**ASSIGNED TASK:** Copy the records below in full, changing no character.

**LISTED RECORDS:**
+++

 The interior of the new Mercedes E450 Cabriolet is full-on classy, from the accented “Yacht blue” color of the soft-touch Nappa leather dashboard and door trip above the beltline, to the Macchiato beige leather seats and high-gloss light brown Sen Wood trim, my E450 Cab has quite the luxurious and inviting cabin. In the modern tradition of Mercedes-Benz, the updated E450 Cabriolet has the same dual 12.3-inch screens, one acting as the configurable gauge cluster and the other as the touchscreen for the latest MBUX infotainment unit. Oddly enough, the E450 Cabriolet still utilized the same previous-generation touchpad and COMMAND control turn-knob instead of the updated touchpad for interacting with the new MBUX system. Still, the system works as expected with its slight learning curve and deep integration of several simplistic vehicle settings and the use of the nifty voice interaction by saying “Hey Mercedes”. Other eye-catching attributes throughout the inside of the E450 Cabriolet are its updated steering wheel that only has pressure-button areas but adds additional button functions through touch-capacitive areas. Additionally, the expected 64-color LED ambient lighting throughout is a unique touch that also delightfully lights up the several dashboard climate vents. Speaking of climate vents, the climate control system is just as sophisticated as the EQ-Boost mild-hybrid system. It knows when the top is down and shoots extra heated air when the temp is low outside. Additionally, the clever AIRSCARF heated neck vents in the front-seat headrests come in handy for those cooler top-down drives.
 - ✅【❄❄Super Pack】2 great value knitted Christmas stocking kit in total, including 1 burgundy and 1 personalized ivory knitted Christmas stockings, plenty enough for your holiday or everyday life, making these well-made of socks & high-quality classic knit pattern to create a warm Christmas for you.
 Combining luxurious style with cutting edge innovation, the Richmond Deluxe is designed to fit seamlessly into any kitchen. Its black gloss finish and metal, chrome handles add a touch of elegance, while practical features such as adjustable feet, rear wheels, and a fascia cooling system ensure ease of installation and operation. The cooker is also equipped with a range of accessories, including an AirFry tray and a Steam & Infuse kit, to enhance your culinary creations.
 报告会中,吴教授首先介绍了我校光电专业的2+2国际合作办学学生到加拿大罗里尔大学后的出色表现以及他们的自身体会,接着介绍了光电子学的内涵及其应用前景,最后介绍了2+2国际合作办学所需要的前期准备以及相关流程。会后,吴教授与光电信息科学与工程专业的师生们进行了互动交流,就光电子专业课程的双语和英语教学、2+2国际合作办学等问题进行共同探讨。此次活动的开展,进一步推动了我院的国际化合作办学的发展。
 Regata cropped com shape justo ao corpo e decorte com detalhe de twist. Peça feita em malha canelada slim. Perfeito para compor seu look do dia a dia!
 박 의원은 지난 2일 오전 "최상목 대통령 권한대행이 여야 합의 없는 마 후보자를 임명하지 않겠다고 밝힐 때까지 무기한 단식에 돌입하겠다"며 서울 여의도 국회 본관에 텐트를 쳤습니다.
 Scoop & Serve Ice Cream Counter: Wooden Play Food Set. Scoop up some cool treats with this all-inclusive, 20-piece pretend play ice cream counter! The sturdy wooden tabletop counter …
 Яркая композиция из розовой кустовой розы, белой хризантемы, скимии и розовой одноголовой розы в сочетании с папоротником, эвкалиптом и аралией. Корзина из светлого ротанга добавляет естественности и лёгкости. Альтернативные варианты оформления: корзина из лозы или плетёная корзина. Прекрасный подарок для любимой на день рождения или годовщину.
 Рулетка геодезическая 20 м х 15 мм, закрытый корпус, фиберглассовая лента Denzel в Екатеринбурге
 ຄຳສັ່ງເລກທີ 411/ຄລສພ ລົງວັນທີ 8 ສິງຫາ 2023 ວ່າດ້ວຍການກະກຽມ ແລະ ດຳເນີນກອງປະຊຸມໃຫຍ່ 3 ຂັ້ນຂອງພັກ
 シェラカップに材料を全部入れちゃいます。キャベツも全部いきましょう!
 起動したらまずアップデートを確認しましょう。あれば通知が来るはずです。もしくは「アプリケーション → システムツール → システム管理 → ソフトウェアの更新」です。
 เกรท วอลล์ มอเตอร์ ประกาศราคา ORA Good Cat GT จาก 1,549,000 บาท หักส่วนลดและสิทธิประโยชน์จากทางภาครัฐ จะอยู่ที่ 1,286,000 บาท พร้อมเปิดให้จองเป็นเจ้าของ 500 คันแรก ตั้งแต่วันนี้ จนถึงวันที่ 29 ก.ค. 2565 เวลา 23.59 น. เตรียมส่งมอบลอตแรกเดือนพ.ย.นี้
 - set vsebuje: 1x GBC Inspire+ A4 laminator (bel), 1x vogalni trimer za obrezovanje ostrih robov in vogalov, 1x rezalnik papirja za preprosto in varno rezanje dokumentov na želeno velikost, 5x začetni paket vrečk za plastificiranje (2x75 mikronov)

+++

**WRITTEN RESPONSE:**
 The interior of the new Mercedes E450 Cabriolet is full-on classy, from the accented “Yacht blue” color of the soft-touch Nappa leather dashboard and door trip above the beltline, to the Macchiato beige leather seats and high-gloss light brown Sen Wood trim, my E450 Cab has quite the luxurious and inviting cabin. In the modern tradition of Mercedes-Benz, the updated E450 Cabriolet has the same dual 12.3-inch screens, one acting as the configurable gauge cluster and the other as the touchscreen for the latest MBUX infotainment unit. Oddly enough, the E450 Cabriolet still utilized the same previous-generation touchpad and COMMAND control turn-knob instead of the updated touchpad for interacting with the new MBUX system. Still, the system works as expected with its slight learning curve and deep integration of several simplistic vehicle settings and the use of the nifty voice interaction by saying “Hey Mercedes”. Other eye-catching attributes throughout the inside of the E450 Cabriolet are its updated steering wheel that only has pressure-button areas but adds additional button functions through touch-capacitive areas. Additionally, the expected 64-color LED ambient lighting throughout is a unique touch that also delightfully lights up the several dashboard climate vents. Speaking of climate vents, the climate control system is just as sophisticated as the EQ-Boost mild-hybrid system. It knows when the top is down and shoots extra heated air when the temp is low outside. Additionally, the clever AIRSCARF heated neck vents in the front-seat headrests come in handy for those cooler top-down drives.
 - ✅【❄❄Super Pack】2 great value knitted Christmas stocking kit in total, including 1 burgundy and 1 personalized ivory knitted Christmas stockings, plenty enough for your holiday or everyday life, making these well-made of socks & high-quality classic knit pattern to create a warm Christmas for you.
 Combining luxurious style with cutting edge innovation, the Richmond Deluxe is designed to fit seamlessly into any kitchen. Its black gloss finish and metal, chrome handles add a touch of elegance, while practical features such as adjustable feet, rear wheels, and a fascia cooling system ensure ease of installation and operation. The cooker is also equipped with a range of accessories, including an AirFry tray and a Steam & Infuse kit, to enhance your culinary creations.
 报告会中,吴教授首先介绍了我校光电专业的2+2国际合作办学学生到加拿大罗里尔大学后的出色表现以及他们的自身体会,接着介绍了光电子学的内涵及其应用前景,最后介绍了2+2国际合作办学所需要的前期准备以及相关流程。会后,吴教授与光电信息科学与工程专业的师生们进行了互动交流,就光电子专业课程的双语和英语教学、2+2国际合作办学等问题进行共同探讨。此次活动的开展,进一步推动了我院的国际化合作办学的发展。
 Regata cropped com shape justo ao corpo e decorte com detalhe de twist. Peça feita em malha canelada slim. Perfeito para compor seu look do dia a dia!
 박 의원은 지난 2일 오전 "최상목 대통령 권한대행이 여야 합의 없는 마 후보자를 임명하지 않겠다고 밝힐 때까지 무기한 단식에 돌입하겠다"며 서울 여의도 국회 본관에 텐트를 쳤습니다.
 Scoop & Serve Ice Cream Counter: Wooden Play Food Set. Scoop up some cool treats with this all-inclusive, 20-piece pretend play ice cream counter! The sturdy wooden tabletop counter …
 Яркая композиция из розовой кустовой розы, белой хризантемы, скимии и розовой одноголовой розы в сочетании с папоротником, эвкалиптом и аралией. Корзина из светлого ротанга добавляет естественности и лёгкости. Альтернативные варианты оформления: корзина из лозы или плетёная корзина. Прекрасный подарок для любимой на день рождения или годовщину.
 Рулетка геодезическая 20 м х 15 мм, закрытый корпус, фиберглассовая лента Denzel в Екатеринбурге
 ຄຳສັ່ງເລກທີ 411/ຄລສພ ລົງວັນທີ 8 ສິງຫາ 2023 ວ່າດ້ວຍການກະກຽມ ແລະ ດຳເນີນກອງປະຊຸມໃຫຍ່ 3 ຂັ້ນຂອງພັກ
 シェラカップに材料を全部入れちゃいます。キャベツも全部いきましょう!
 起動したらまずアップデートを確認しましょう。あれば通知が来るはずです。もしくは「アプリケーション → システムツール → システム管理 → ソフトウェアの更新」です。
 เกรท วอลล์ มอเตอร์ ประกาศราคา ORA Good Cat GT จาก 1,549,000 บาท หักส่วนลดและสิทธิประโยชน์จากทางภาครัฐ จะอยู่ที่ 1,286,000 บาท พร้อมเปิดให้จองเป็นเจ้าของ 500 คันแรก ตั้งแต่วันนี้ จนถึงวันที่ 29 ก.ค. 2565 เวลา 23.59 น. เตรียมส่งมอบลอตแรกเดือนพ.ย.นี้
 - set vsebuje: 1x GBC Inspire+ A4 laminator (bel), 1x vogalni trimer za obrezovanje ostrih robov in vogalov, 1x rezalnik papirja za preprosto in varno rezanje dokumentov na želeno velikost, 5x začetni paket vrečk za plastificiranje (2x75 mikronov)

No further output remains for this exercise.